▶ _TASK DIRECTIONS_
Since the copy must hold text only, transcribe the data below exactly and omit the images.

▶ _DATA EXCERPT_
··········
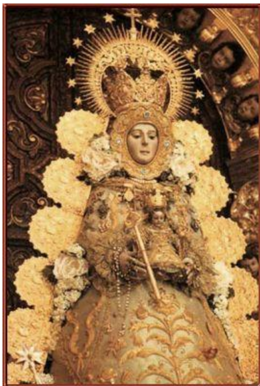
Fig. 4. Imagen de Nuestra Señora del Rocío
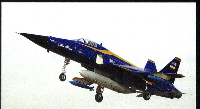
Le Seaqah (éclair) est un développement de l'industrie iranienne, sur la base du F-5E.
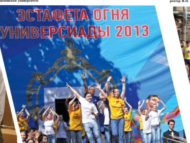
Стир в Герценовском университете петербургского этапа эстафеты огня Универсиады в Казани
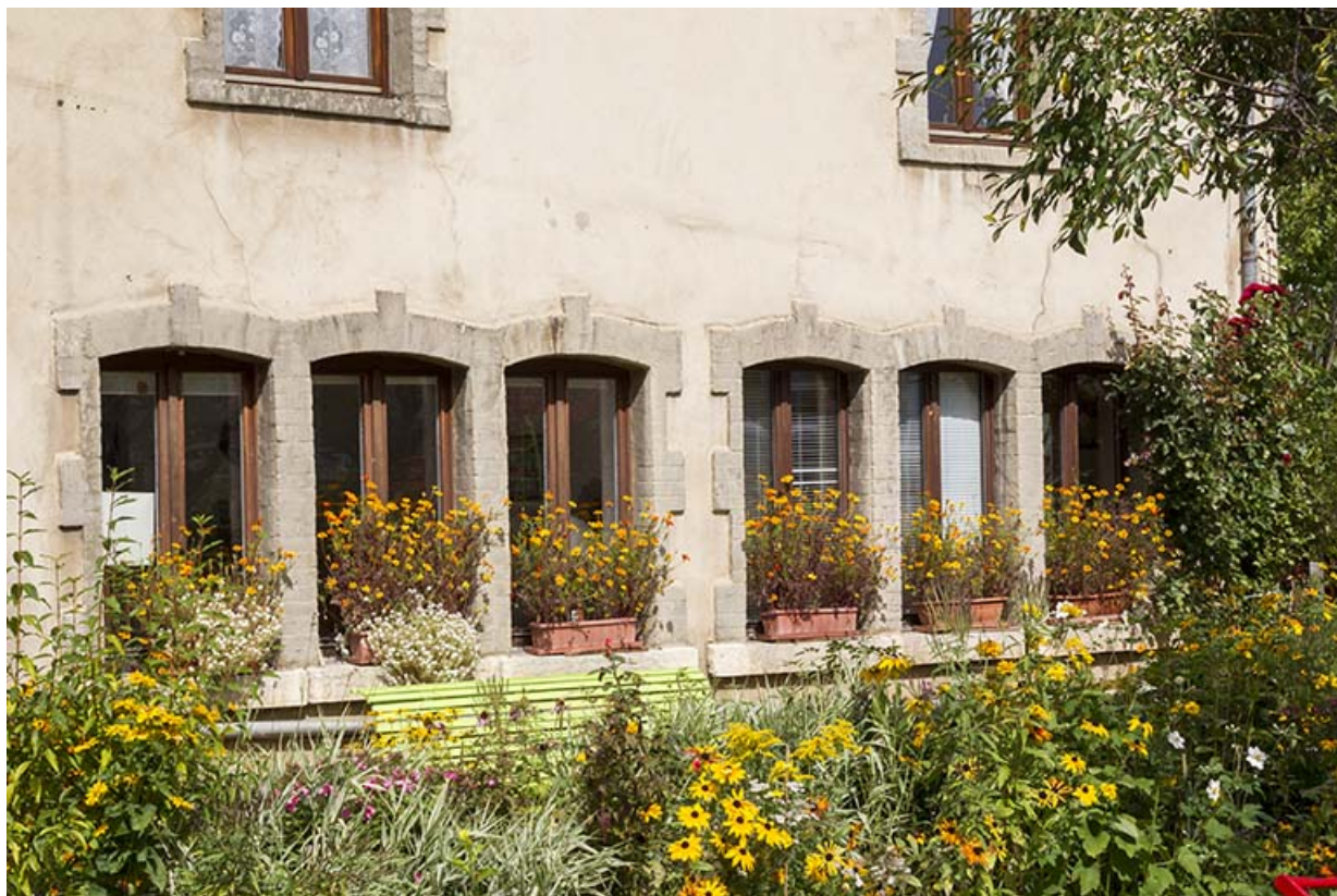
Fenêtres multiples ("fenestrage"), à Maîche. 25, Maîche, 2 rue Sainte-Anne
··········
▶ _YOUR RESPONSE_
Fig. 4. Imagen de Nuestra Señora del Rocío
Le Seaqah (éclair) est un développement de l'industrie iranienne, sur la base du F-5E.
Стир в Герценовском университете петербургского этапа эстафеты огня Универсиады в Казани
Fenêtres multiples ("fenestrage"), à Maîche. 25, Maîche, 2 rue Sainte-Anne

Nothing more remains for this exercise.